The center is comprised of a cyber-center, a lounge, and a library for all students, but these facilities are more oriented for satisfying the needs of the LGBTs.
“It is really important to create spaces where LGBT students can find the communities that they can feel affinity with,” said Monroe France, the interim director of the NYU LGBTQ Student Center. “Also, we wanted our LGBT students not only to engage with their social lives, but also enhance their intellectual capabilities in safer environments.”
Over the past year, the center has been working closely with students on a project, which is to identify gender-neutral restrooms on campus and locate them on a campus map for gender non-conforming students. Gender neutral restrooms are for people of any gender identity, and is considered a symbol of inclusion for people who identify outside of gender binary. They have been around the campus for several years, but have not been identified as “gender-neutral” restrooms so far.
“The project has really been driven by our students,” emphasized Lukas LaRiviere, the program administrator of the center. “Students who closely worked with our center went around the campus and surveyed students to ask if they knew any gender neutral restrooms in campus buildings.”
One of the features that the center has is that it not only works on inclusion on the students’ part, but also extends its efforts to every part of the school community, by holding events and programs for faculty and staff as well.
For example, it often holds the Safe Zone program, a program dedicated for training faculty and staff to better understand the LGBT population on campus. Also, the center recently created a poster titled “Top 11 things that faculty and staff should know about LGBTQ lives in NYU.”
“Our belief is that to fully support our students, we first have to make a better campus,” France said. “That starts from educating faculty and staff.”
Professor Roberto Perino, who teaches Opera and Italian at NYU and identifies as gay, revealed that he never had any problem teaching and engaging with members at NYU as a gay person.
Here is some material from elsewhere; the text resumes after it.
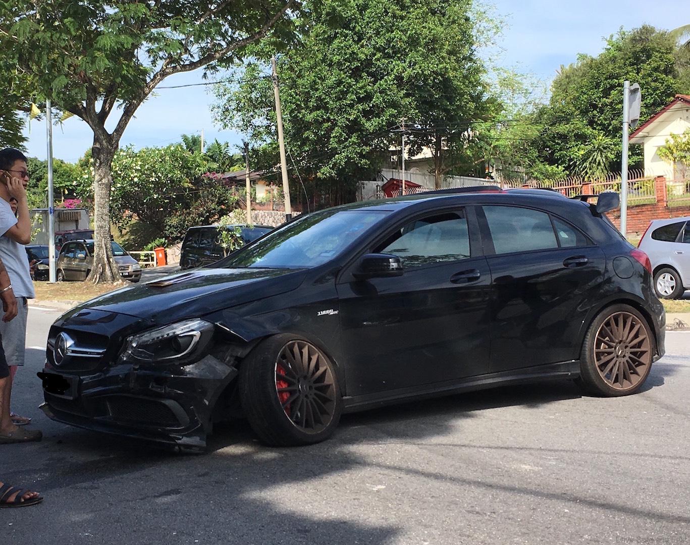 You do not want this happening to your RM343k hot hatch. Early Saturday morning this driver was a little too enthusiastic behind the wheel of his AMG45 and had a mishap at Jalan Gasing in front of La Salle PJ which caused a massive traffic jam that spilled over to Federal Highway.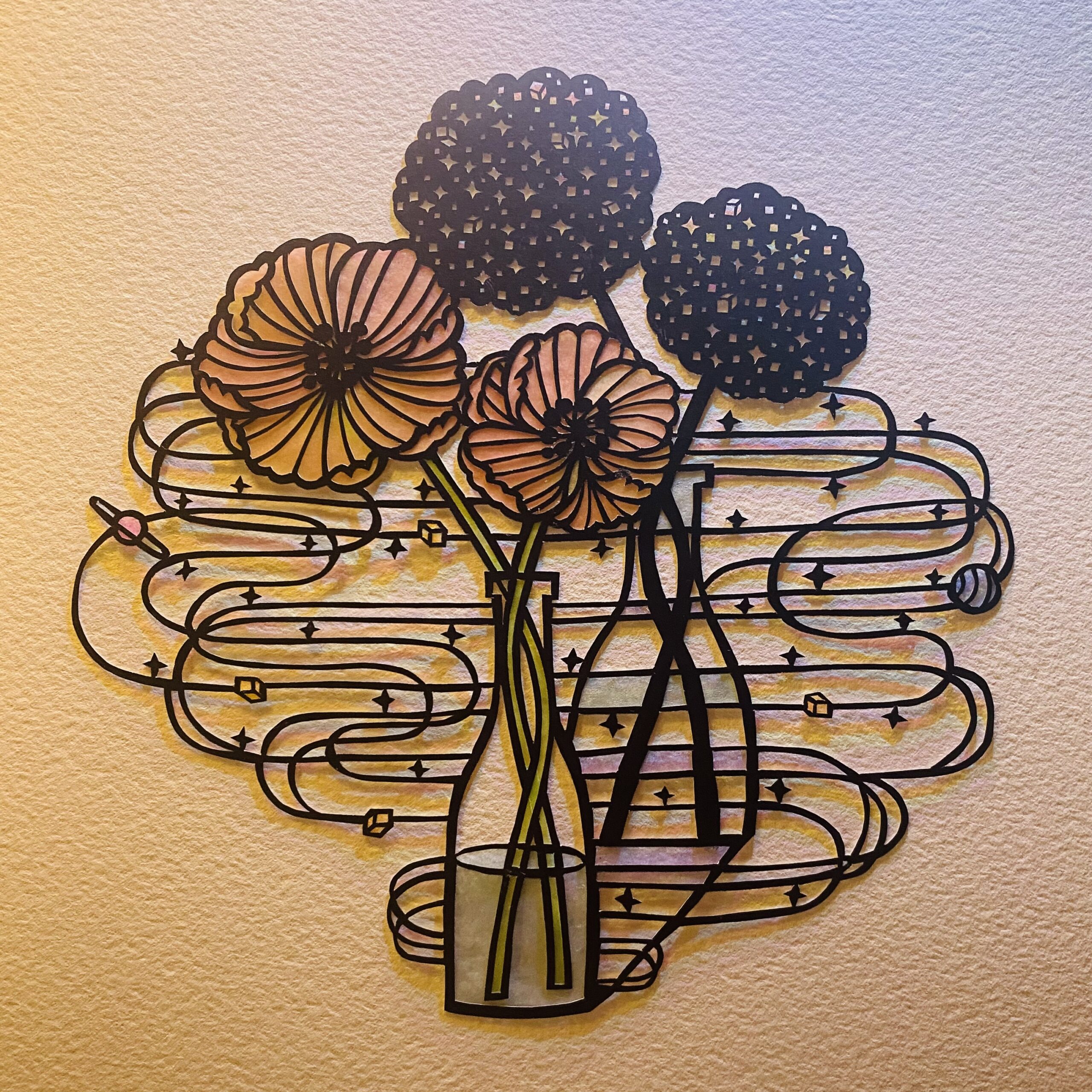In 2021, she held a solo exhibition at FABRE, a bar in Ikenoue, marking her debut as a paper-cutting artist. In 2022, she held a solo exhibition at CHILITA in Nakameguro. In 2023, she held solo exhibitions at Karabinka in Meguro and Asahiya in Sangenjaya. She has created music videos for artists such as Ahh! Folly Jet, Mumbia Y Sus Candelosos, and AYANE SHINO, making full use of her paper-cutting art. Finally, breaking free from the confines of mere images and videos, she began projecting her paper-cut art three-dimensionally into space using an overhead projector.

“I had no problem with introducing my partner Brian when I met people from school,” professor Perino said. “Also, both students and I have no problem with asking if they have same-sex partners in any of my classes.”
Many students acknowledge the endeavors of the school and professors for creating an inclusive educational environment.
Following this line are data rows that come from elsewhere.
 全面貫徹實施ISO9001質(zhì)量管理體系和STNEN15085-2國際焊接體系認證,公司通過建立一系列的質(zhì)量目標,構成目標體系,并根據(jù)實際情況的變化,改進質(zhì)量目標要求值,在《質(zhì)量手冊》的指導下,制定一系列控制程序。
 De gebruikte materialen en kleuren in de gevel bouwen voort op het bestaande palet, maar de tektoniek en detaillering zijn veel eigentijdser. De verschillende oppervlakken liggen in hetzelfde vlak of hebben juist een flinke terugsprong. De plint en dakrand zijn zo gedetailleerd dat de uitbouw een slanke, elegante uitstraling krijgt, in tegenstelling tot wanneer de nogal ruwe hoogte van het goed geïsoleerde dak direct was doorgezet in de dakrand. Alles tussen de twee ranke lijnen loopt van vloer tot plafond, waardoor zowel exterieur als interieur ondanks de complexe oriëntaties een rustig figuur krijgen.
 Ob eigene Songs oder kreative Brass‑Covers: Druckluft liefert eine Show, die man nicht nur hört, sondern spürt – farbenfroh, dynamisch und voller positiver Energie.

“Professors usually do not call students Mr. or Mrs., making sure for transgender people to feel included,” said Mason Fitch, a student who studies at NYU School of Law.
Another feature of the center would be its location. As NYU is fully immersed in the city, it can bring in numerous important figures in the fields of LGBT activism derived from the diversity of LGBTQ organizations based in New York City.
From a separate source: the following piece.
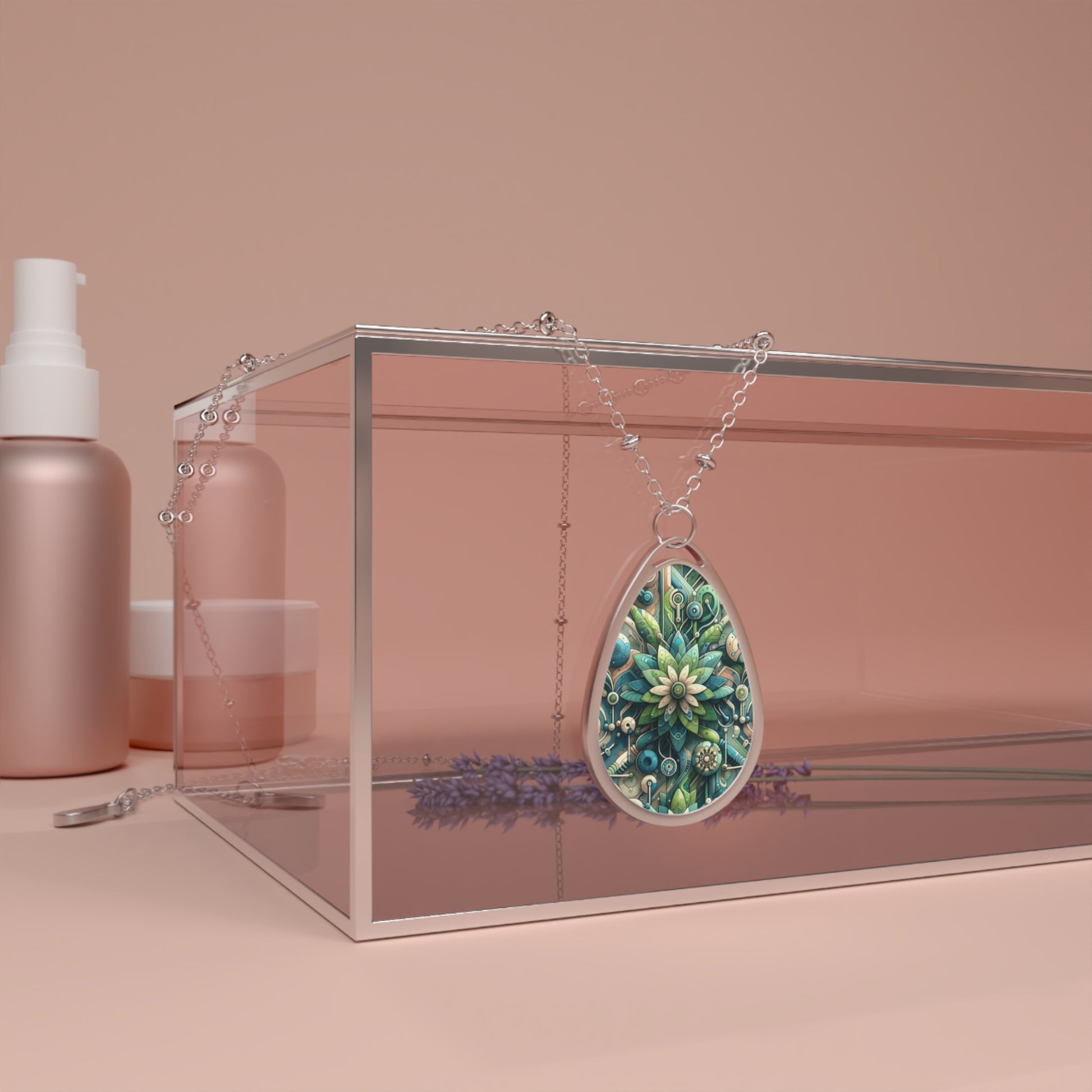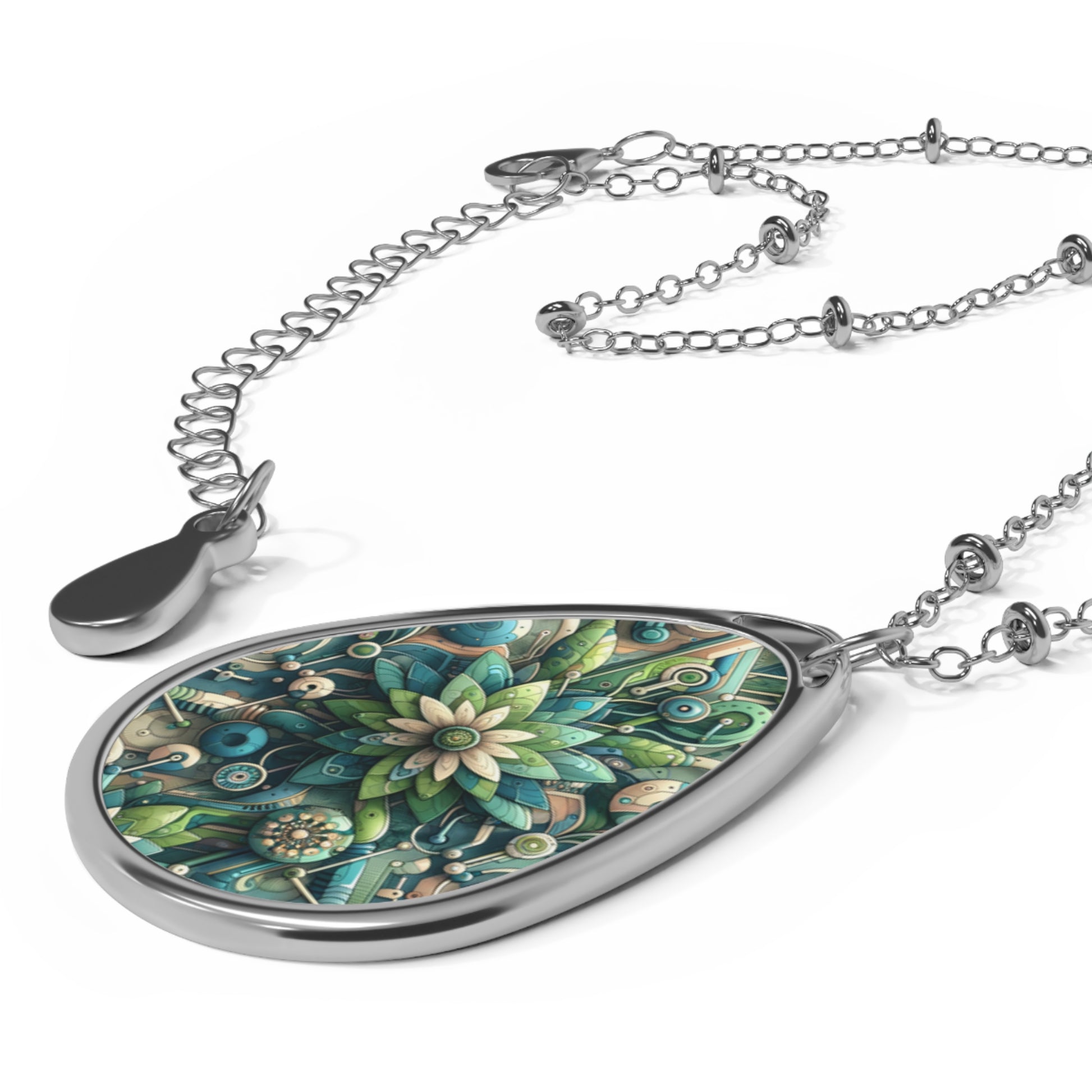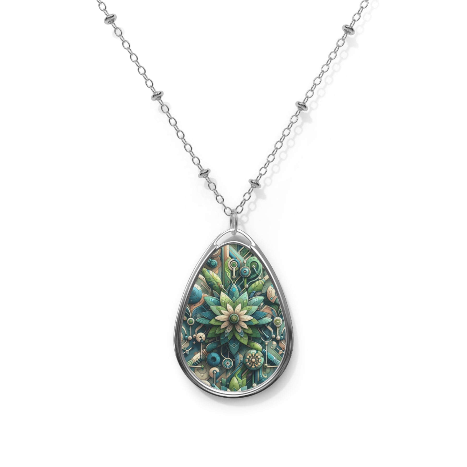 Digital Nature Fusion Tech-Inspired Nature Harmony Oval Necklace - 8404 Design-44

“We are able to bring quality resources onto our campus that most of the universities in the rest of the world cannot easily acquire,” France said. “For us, it’s very accessible.”
Reciprocally, the center itself becomes a very good resource for LGBT communities in New York City as well as on campus.
“In a big city like New York City, the center is an indispensable place for the LGBT population at NYU and even for the LGBT communities outside,” said Collier-Pitts, a junior and an undergraduate student officer working at the center.
The center also works closely with numerous LGBT student organizations on campus. For example, students who have various interests gathered to create Real Queer Film Series, a program that brings in LGBT identified filmmakers. There are also numerous sports teams comprised of both LGBT students and allies.
LaRiviere explains that having student groups composed mostly of LGBT students does not mean that they are different and should be separated from other students. Instead, students with various interests have gathered to create LGBT-friendly spaces for LGBT students and allies.
“I realized that students who identify themselves as LGBT don’t necessarily regard their sexual orientation or gender identity as the most important aspect out of all different identities that they have,” LaRiviere observed. “It could be just another facet of their identities that others become more aware of.”
France believes that as long as different forms of bias such as homophobia and heterosexism exist in the world, separate and independent centers dedicated for LGBT population should persist on campus.
“University is just another part of the world,” France stressed. “If there is a demand in society, that means there is also the same demand on campus. We have the responsibility to satisfy students’ needs.”